I spent two years as a List Management Associate at a direct mail and email advertising/fundraising firm. In my position, I learned a great deal about the trade; I read thousands of pages of copy, went to several trade conferences, hooked up with a knowledgeable mentor, and learned a pocket-sized dictionary’s worth of industry-specific words (“list,” “a-b test,” “response rate,” “open rate,” the list goes on).

Ultimately, the industry was not for me. I had a wild career shift and left direct advertising entirely, taking a position within an office of risk management at a local university. With a change in industry comes a fresh start… which comes with a little bit of baggage, particularly when moving from one career with a dictionary’s worth of industry-specific words to another with one of its own (“COI,” “credentialing verification,” “binder,” “policy,” once again the list goes on).

In my academic work, I spend a lot of time working to combine two things that seem different on the surface, but have enough underlying similarities that joint readings can complement each other and make clear what is often hidden.This tendency is hinted at on my undergraduate degree from the University of Mary Washington, a BS in Economics and English Literature, but can also be seen in much of the coursework and projects I’ve done over the years.

I practiced this in depth during an independent study I created while an undergraduate that looked at how authors enacted various economic theories in speculative science fiction novels—a project I was inspired to undertake after reading a blog from Noahpinion. I was prone to do this for random assigned papers as well… once, for a final paper on a course focusing on Utopian and Dystopian philosophy and literature, I wrote about The Breakfast Club and how it represents a brilliant utopian intentional community in the midst of the dystopia that is American high school.
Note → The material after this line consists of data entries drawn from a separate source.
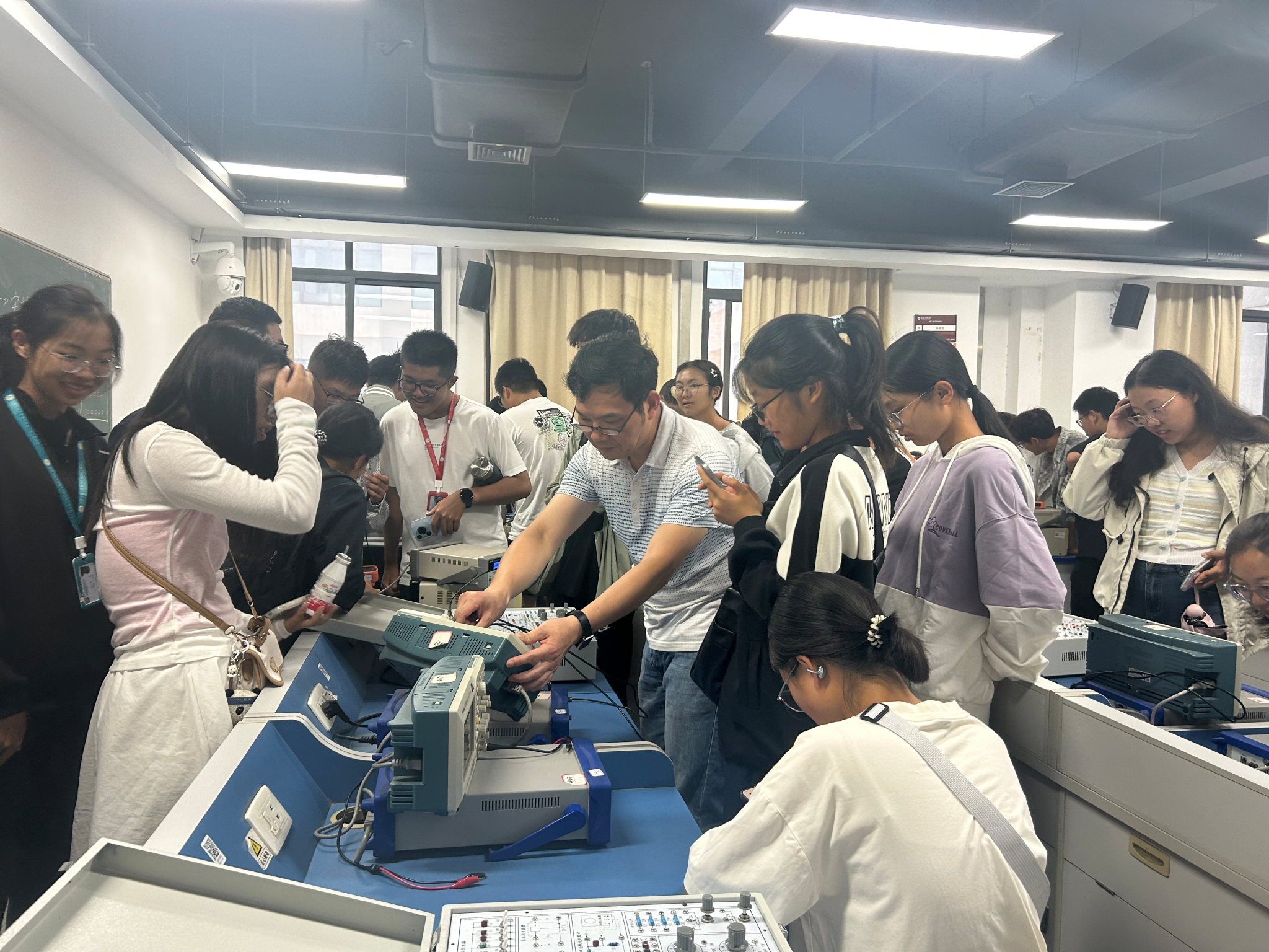 创新第一课:链接行业前沿,深化专业认知。为在新生心中埋下创新的种子,9月20日,学院组织新生集中观看中国电工技术学会“2025开学第一课”科普公益活动。分批次组织全体新生参观电工电子实验室,在了解实验设备和实验成果的过程中,激发科技创新热情与工业报国志向。
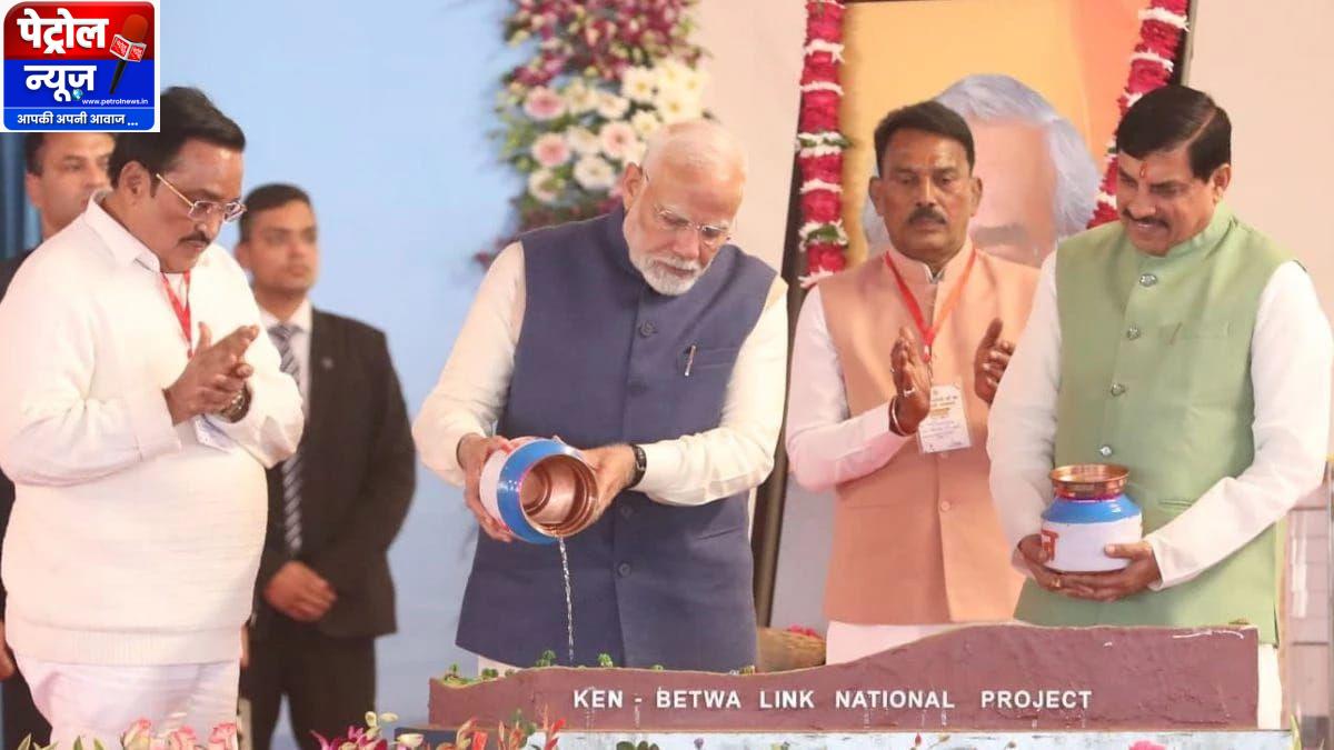 खजुराहो/छतरपुर। प्रधानमंत्री(PM) नरेंद्र मोदी ने शनिवार को मध्य प्रदेश के छतरपुर जिले के खजुराहो में केन और बेतवा नदियों के जल का संगम कराया और दोनों नदियों को जोड़ने वाली महत्वाकांक्षी परियोजना के शिलान्यास के साथ साथ ओंकारेश्वर में फ्लोटिंग सोलर पावर प्लांट का लोकार्पण भी किया। इसके अतिरिक्त, उन्होंने 1153 अटल ग्राम सुशासन भवनों
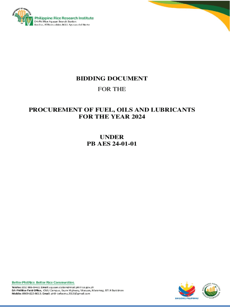 BIDDING DOCUMENT FOR THEPROCUREMENT OF FUEL, OILS AND LUBRICANTS FOR THE YEAR 2024UNDER PB AES 240101Table of Contents Section I. Invitation to Bid..4 Section II. Instructions to Bidders...6 1. 2.
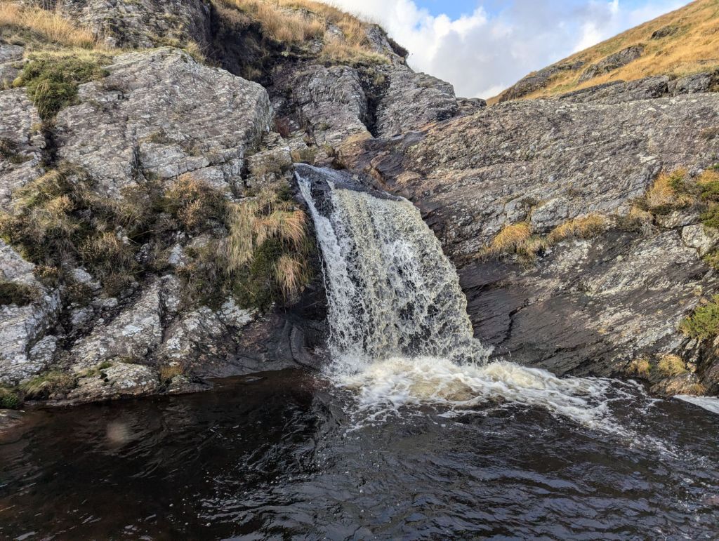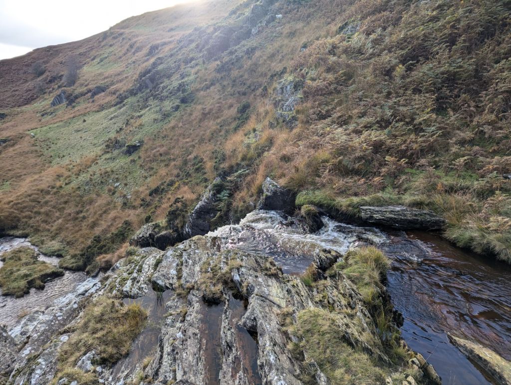 The walk across to the non existent path and then to Carreg yr Ast through even worse conditions than day 1 (I thought I may disappear into the bog never to be found at times…) took me nearly two hours and it is less than 1.5 miles… having reached it I could see a quad bike track out to what looked like a path of sorts even though that was not marked on OS maps and that made for quite a nice walk across to Drygarn Fawr in a short time. The weather had also improved and I had a nice lunch sitting in the sun. I also believed that maybe at last I would have a path of sorts to follow to the valley and along side Afon Gwesyn to my intended campsite for night 2. Wrong….. the quad bike track did take me almost to the top but then it became a complete nightmare with the conditions underfoot even worse (if that was possible) than I had previously experienced and it took me over two hours to travel the 1.4 miles to the site. At least with about 300m to go I had seen a good plan B if the intended spot wasn’t any good, in reality it was probably a better spot but despite only being 300m away I was too tired to struggle 20 minutes back to it and the waterfall site was actually okay anyway.
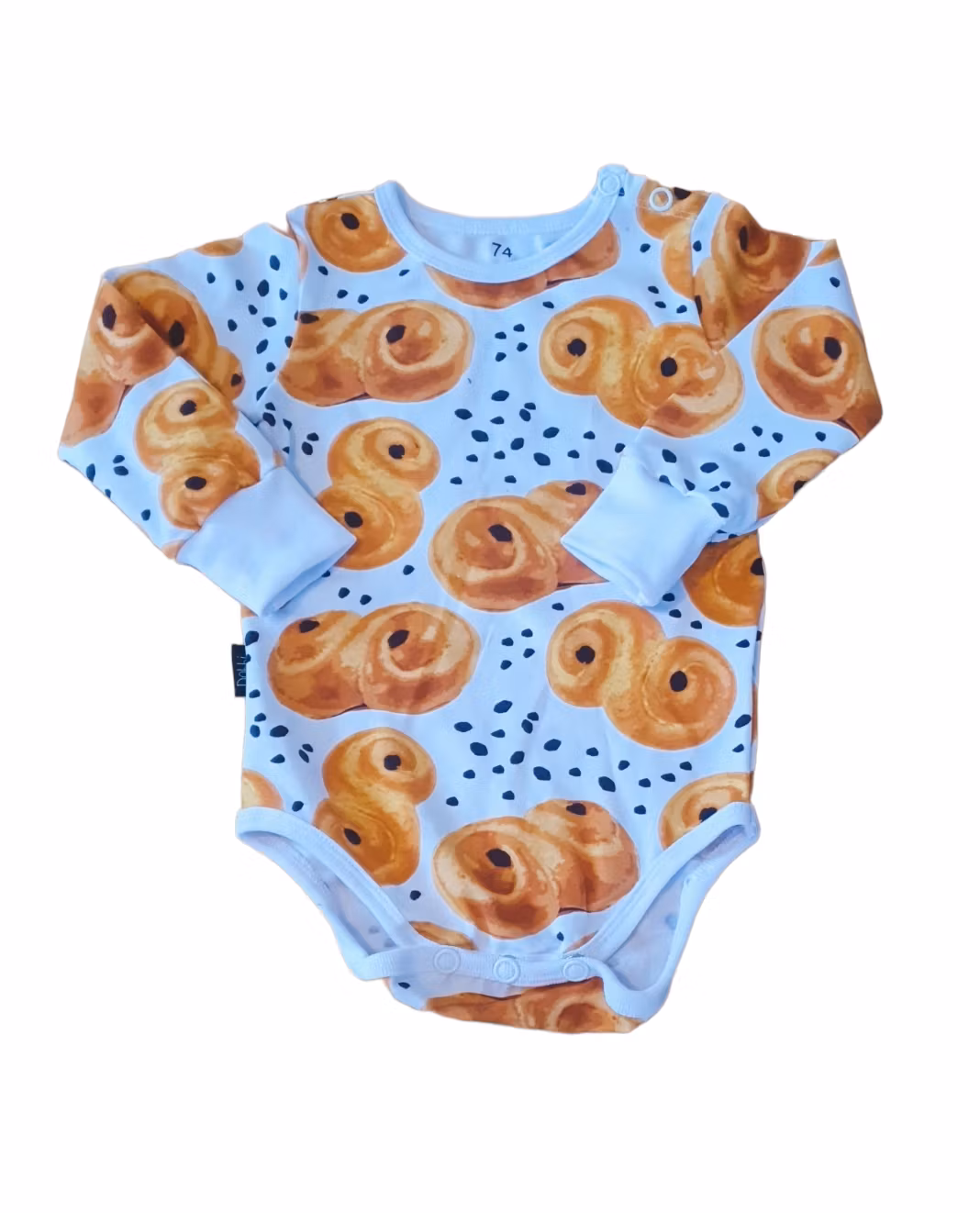 Body 200 kr Stl 62 68 74 Lägg i korgen Vit body med lussebullar. Knäppning på ena axeln, nickelfria tryckknappar

One could say that I’ve now peaked with a recent piece of work I presented at the first Douglas Coupland Conference in which I looked at the advertising strategies that adman-turned-filmmaker-turned-ad-exec Herschell Gordon Lewis discussed in his many books and how they can be used to better understand Coupland’s contemporary work.

I first learned of Herschell Gordon Lewis’s work—his work in film, that is—as an undergraduate student during a course on film and culture. I learned of Herschell Gordon Lewis’s marketing work through my mentor at the direct advertising firm I worked at for a couple of years. I cannot say that I find all of his methods particularly agreeable, there are nuggets of true brilliance that I find are applicable across a myriad of different industries. A particular teaching I’ve always been drawn to is found in his textbook On the Art of Writing Copy, he calls it “The Clarity Commandment,” which states:

When choosing words and phrases, clarity is paramount. Let no other component of the message mix [or] interfere with it.

Herschell Gordon Lewis

One of my many responsibilities as a Risk Analyst involves running the driver authorization program. This is a large program, that includes a variety of diverse departments—Campus Police, Facilities, Student Clubs, University Information Services to name but a few—and well over 1,000 drivers. I quickly learned that there was no single communication strategy that could reach every individual in the program and that each department had highly specific individual needs that had to be met.

Rather than attempting to create a universal communication strategy, I’ve been working to create department-tailored communications in conjunction with various department heads so that our the driver authorization program’s messaging remains clear. Combined with my innate desire to produce accessible messaging—a desire stemming from challenges presented by my hearing loss—my department is working with stakeholders to learn the best way to reach every driver in a manner that they will be receptive to. 

This project has included a revamp of my department’s web page, rudimentary “a-b testing,” the detailed tracking of communication response rates across a multitude of channels (email, phone call, g-chat message), and more. There’s still a lot of work left to do, but what has become increasingly clear is that past work experience I had that seemed totally inapplicable in my new industry has proven to be quite valuable. I’ve learned to discount none of my past and look deep within myself to find new ways to look at complicated contemporary problems.